CMC group (Centennial Celebration hike)
Traversing the grassy slope above the Willow Lake but below the cliffs (Class 1)
First look into the “proper” Adams basin – Pt. 13546 (tri-Centennial) on the left
Since I am in no rush, and the weather is not getting worse, I decide to stick around and explore the basin, and lo & behold the clouds lift up.
View of the saddle between Pt. 13546 and Mt. Adams (@3.30pm)
At this point I know exactly where I am, which peak is Adams, I am feeling ok, but not great, so I decide to go for it.
Gaining the obvious weakness in the ridge – a saddle between Adams and Pt. 13,546. It is nearly 4pm and @13K.
Kit Carson and Columbia Point
What I don’t realize yet is that the West ridge is long and I am tired.
Beginning of the ridge
Technically, there is an option to bypass the difficulties on the right, but I consider it a warm-up for tomorrow, so I stick with the ridge proper almost the entire time.
Looking down the West ridge
Needle, Peak, CP, KC from the ridge of Adams (with the "Obstruction Point" obstructing the view of Needle & Peak)
Another look at the rocky ridge
The higher you go, the more difficult the terrain gets, with real difficulties (Class 3+ starting around 13,600 feet)
Chimney on the upper route
Final scramble up to the summit
Mt. Adams summit, just around 5pm
With my goal complete, and no energy left for another peak, I am anxious to get down.
Looking down the long ridge to Pt. 13,580
Since the West ridge took so long, I decide on an alternative (and hopefully shorter) solution and start going down to the saddle with Pt. 13,580. I know that Roach recommends descending down to the saddle, but it seems too far, so as soon as I spot a rocky gully that does not seem to cliff out, I decide that it is good enough – but it turns out to be a big mistake.
Starting the descent
Descending just to the left of the gully – I do not recommend this route
The gully proved to be incredibly loose (of course).

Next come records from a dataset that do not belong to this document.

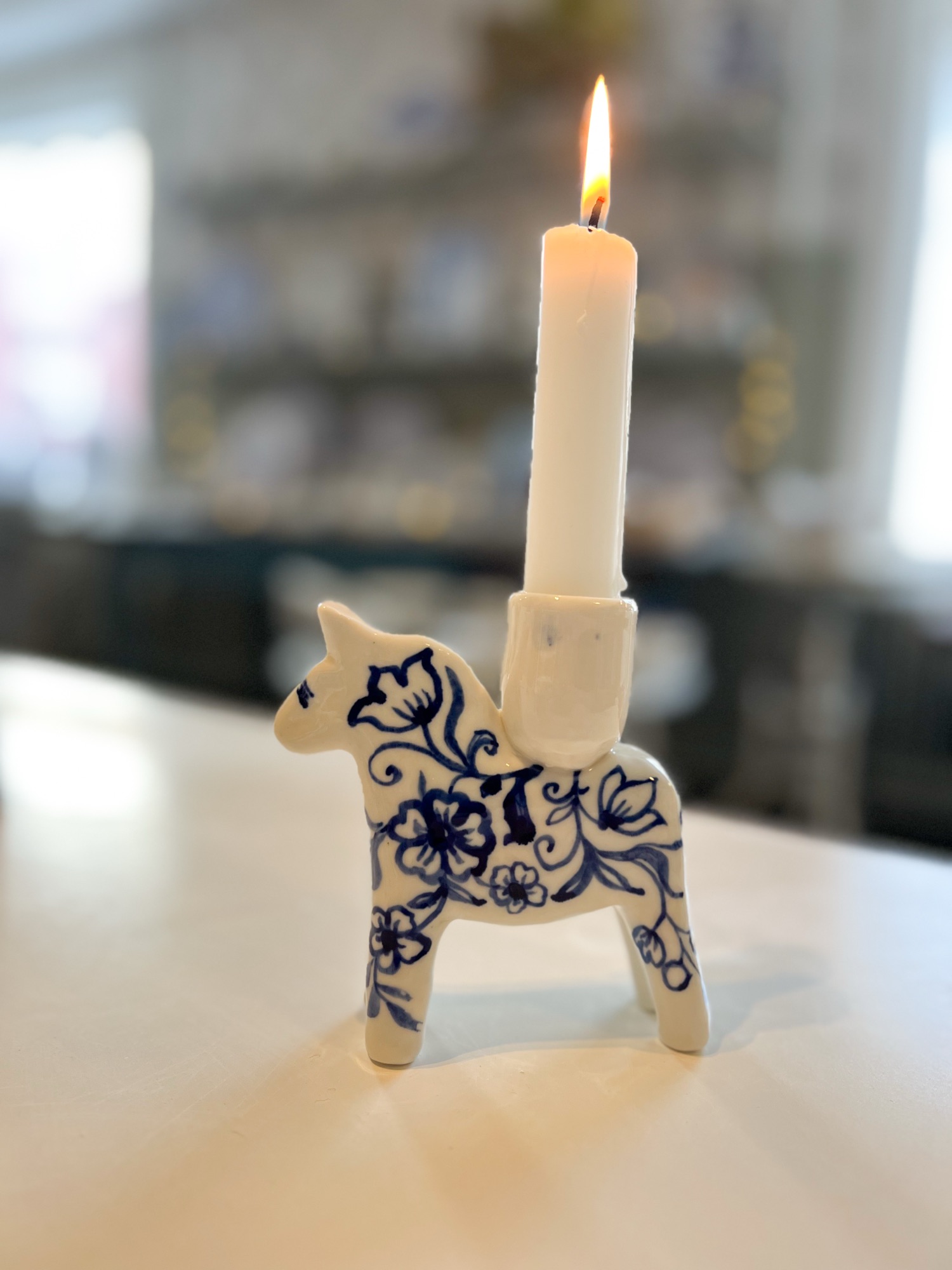 Handbyggd ljusstake i porslin med vacker blå handmålad dekor. Unikt exemplar
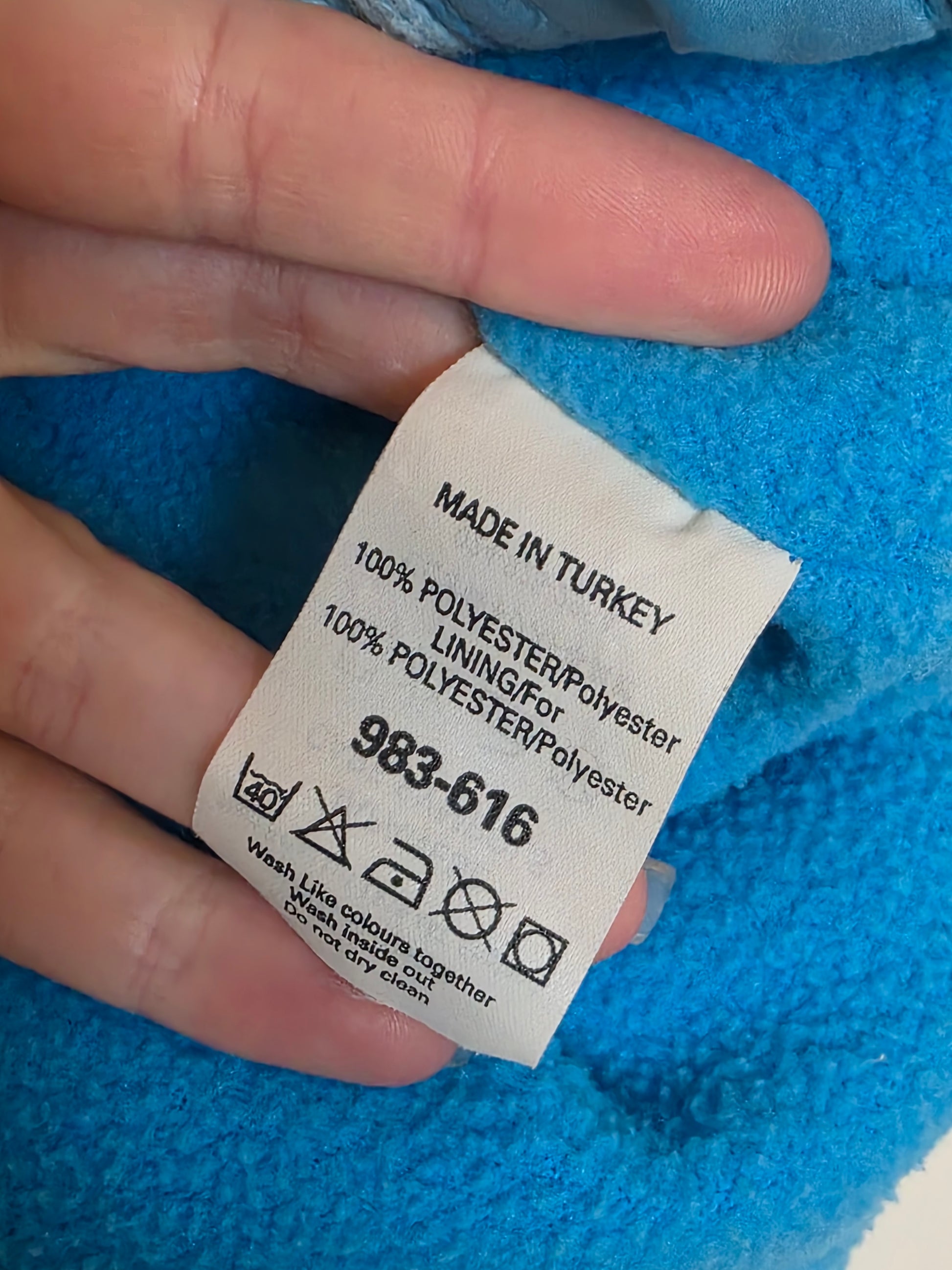 Bright blue zip and snap button fastening gilet with fleece inner and pockets.
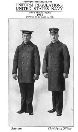 种种贴心的设计与举措,不仅让PEACOAT大衣获得了英国皇家海军们的一致认可,并被他们频繁地穿着,同时也在19世纪的末期,传到隔壁的美国,并由美国海军进行了改良,作为了他们海军的穿着。
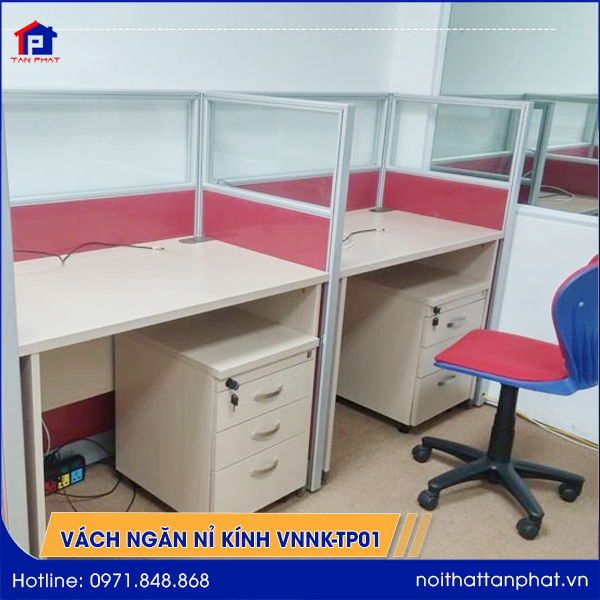 Vách ngăn văn phòng nỉ kính VNNK-TP01 sử dụng khung nhôm phun cát, bao gồm 2 vách: vách trên kính, vách dưới bọc nỉ, phân tách bằng khung nhôm. Vách ngăn nỉ kính VNNK-TP01 có kết cấu vững chắc, dễ dàng tháo lắp, tạo không gian làm việc theo module gọn gàng ngăn nắp với không gian làm việc riêng.
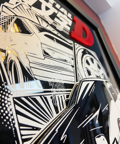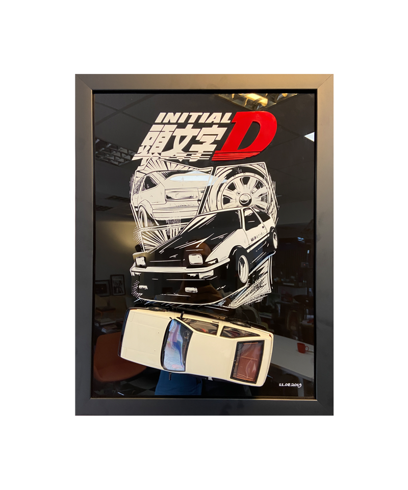 Biz de bu ikonik mirası, 1:18 ölçekli yüksek kaliteli bir modelle özel bir tabloya dönüştürdük. Tabloda kullandığımız AE86 modeli, detaylı işçiliği ve gerçekçiliğiyle adeta bir vitrin parçası. Arka plan tasarımı, hız, özgürlük ve nostalji hissini yansıtacak şekilde özenle hazırlandı.
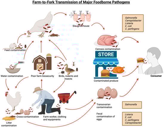 The combined impacts of these pathogens create a dual burden. For poultry producers, disease outbreaks lead to direct losses: high mortality, reduced growth or egg production, and costs for treatment, culling, or sanitation. For example, E. coli and Salmonella outbreaks often force whole flock culling or product recalls. One recent report in 2023 estimates that in the US, foodborne illnesses alone cost about $75 billion annually in economic loss, in large part due to bacterial pathogens. Among these major pathogens, Salmonella alone accounts for $17 billion, Campylobacter for $11 billion, Listeria for $4 billion, diarrheagenic E. coli for $3.7 million and C. perfringens for $343 million in associated costs [12,13]. The impact of these infections is widespread, with an estimated 49 million cases occurring annually in the US, affecting approximately 15% of the population. Reports indicate that foodborne pathogens caused approximately 350 million cases of illness globally in 2010, with food animals serving as asymptomatic carriers of these bacteria. Among the 86 known transmissible diseases from animals to humans, 20 are bacterial in origin [14]. Figure 1 illustrates the different pathways of transmission for these foodborne pathogens.
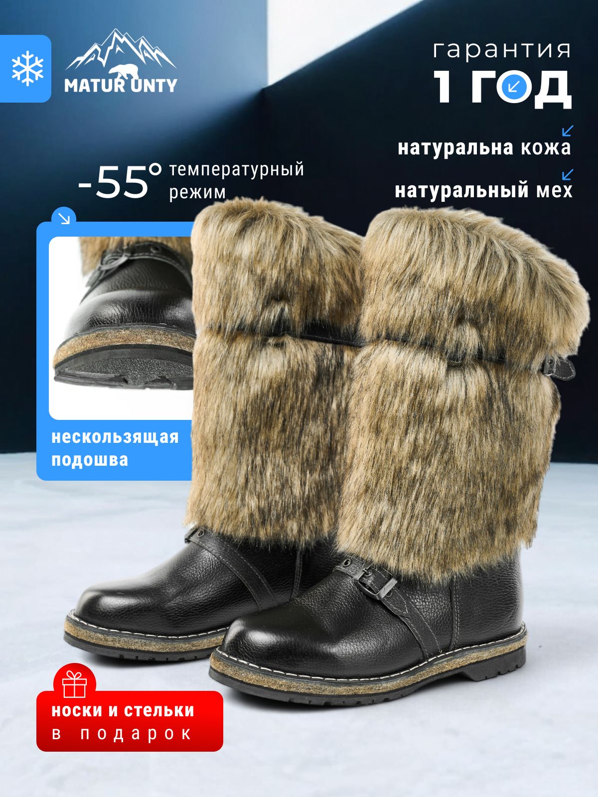 Высокие зимние мужские унты из натуральной кожи и овчины обеспечат непревзойденную теплоизоляцию и защиту от холода. Температурный режим использования до -60 градусов.Натуральная кожа прочная и долговечная, выдерживает суровые зимние условия.Натуральный мех [...]
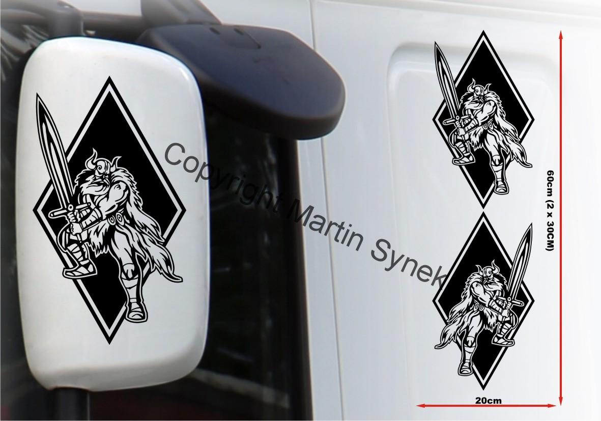 Sada samolepek na deflektor či zrcátku, kabinu, kamkoliv. Sada obsahuje vždy dvě samolepky na levou a pravou stranu. Klasická, řezaná samolepka. To znamená, že když například vyberete modrou samolepku, bude motiv modrý a vše mimo motiv i vně motivu bude mít barvu podkladu kam samolepku lepíte.
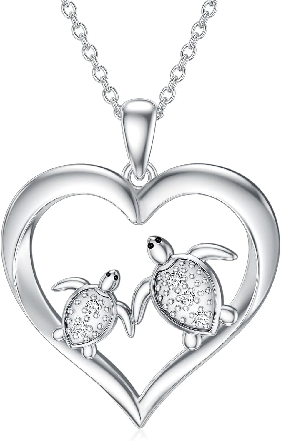 Diamond Turtle Necklace Sterling Silver Heart Sea Turtle Pendant Necklaces Lab Grown Diamond Jewelry Gifts for Mom Wife
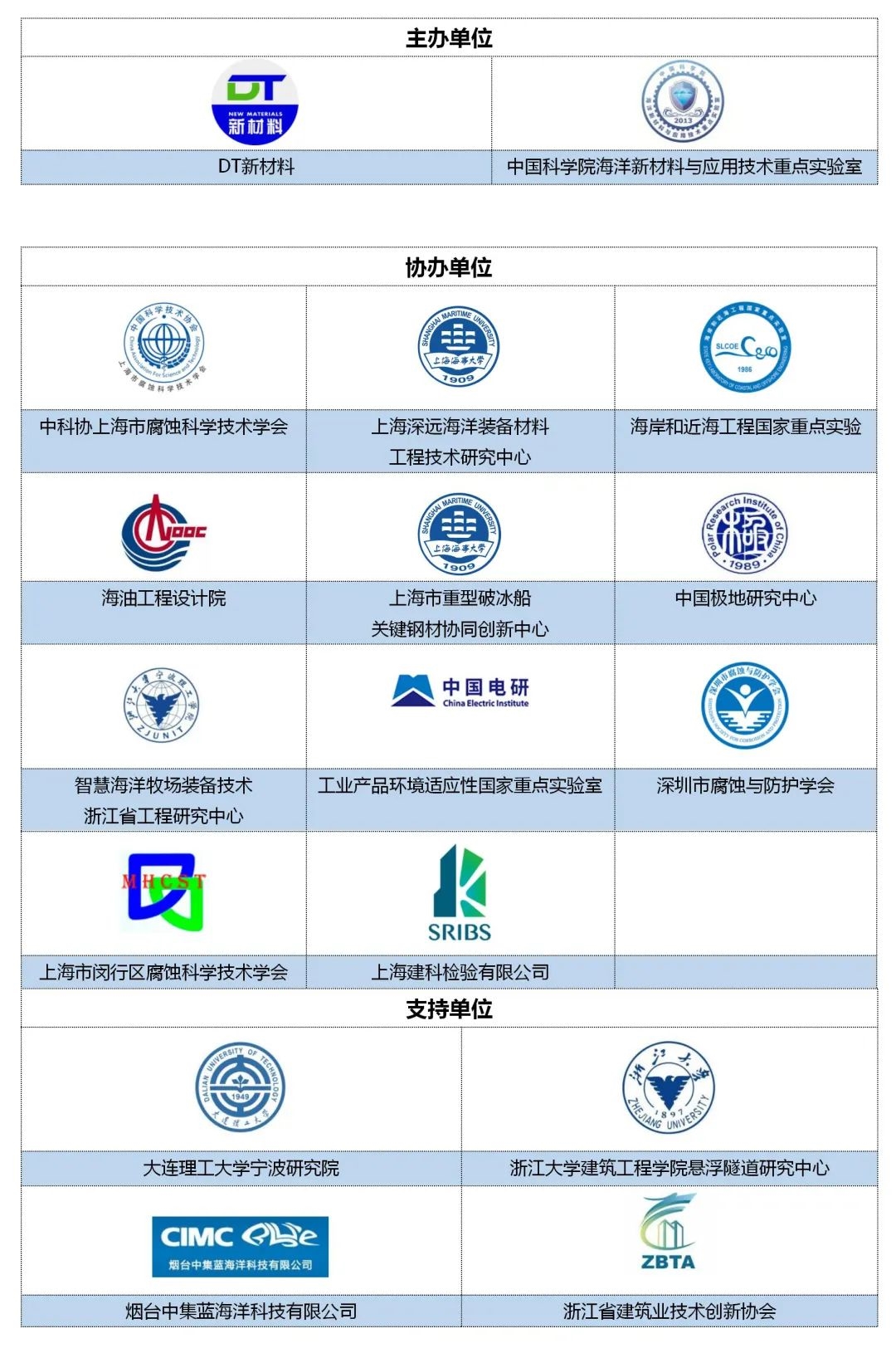 由中國(guó)科學(xué)院海洋新材料與應(yīng)用技術(shù)重點(diǎn)實(shí)驗(yàn)室、DT新材料主辦,中科協(xié)上海市腐蝕科學(xué)技術(shù)學(xué)會(huì)、海油工程設(shè)計(jì)院、上海深遠(yuǎn)海洋裝備材料工程技術(shù)研究中心、中國(guó)極地研究中心、工業(yè)產(chǎn)品環(huán)境適應(yīng)性國(guó)家重點(diǎn)實(shí)驗(yàn)室、海岸和近海工程國(guó)家重點(diǎn)實(shí)驗(yàn)、智慧海洋牧場(chǎng)裝備技術(shù)浙江省工程研究中心、上海市閔行區(qū)腐蝕科學(xué)技術(shù)學(xué)會(huì)、浙江大...

I managed to slip a few times, and in one case a loose rock rolled over my right hand bruising it. Thankfully, I was wearing a climbing glove, or it could have been much worse. I immediately got nervous about the following day, with a lot of class 3/4 climbing in front of me, but the fingers still seemed to have dexterity. Still, I could not have been happier upon reaching the grassy slopes of the basin. To add an insult to the injury, the skies decided to open up and it hailed for about 3 minutes (it stopped before I decided it was time to put on the rain jacket).
Back in the basin
Mt. Adams in the rearview mirrow
It was a surprisingly smooth sailing from there. All you have to do is drop down the grassy slope to the trees on the west side of the lake. There is even a faint trail.
View of the waterfall from above
For all my troubles, I was treated to a spectacular sunset on the lake
Sunset on Willow Lake
I cruised to the campsite around 7pm to meet with Brian who had found the camp and was getting worried about my delayed arrival. I also ran into Greg (farcedude) on the way to the camp. Brian and I shared a nice campfire and were in our respective tents by 10pm. I must have been pretty tired as I slept like a rock - probably one of the best nights of sleep I've ever had in the tent.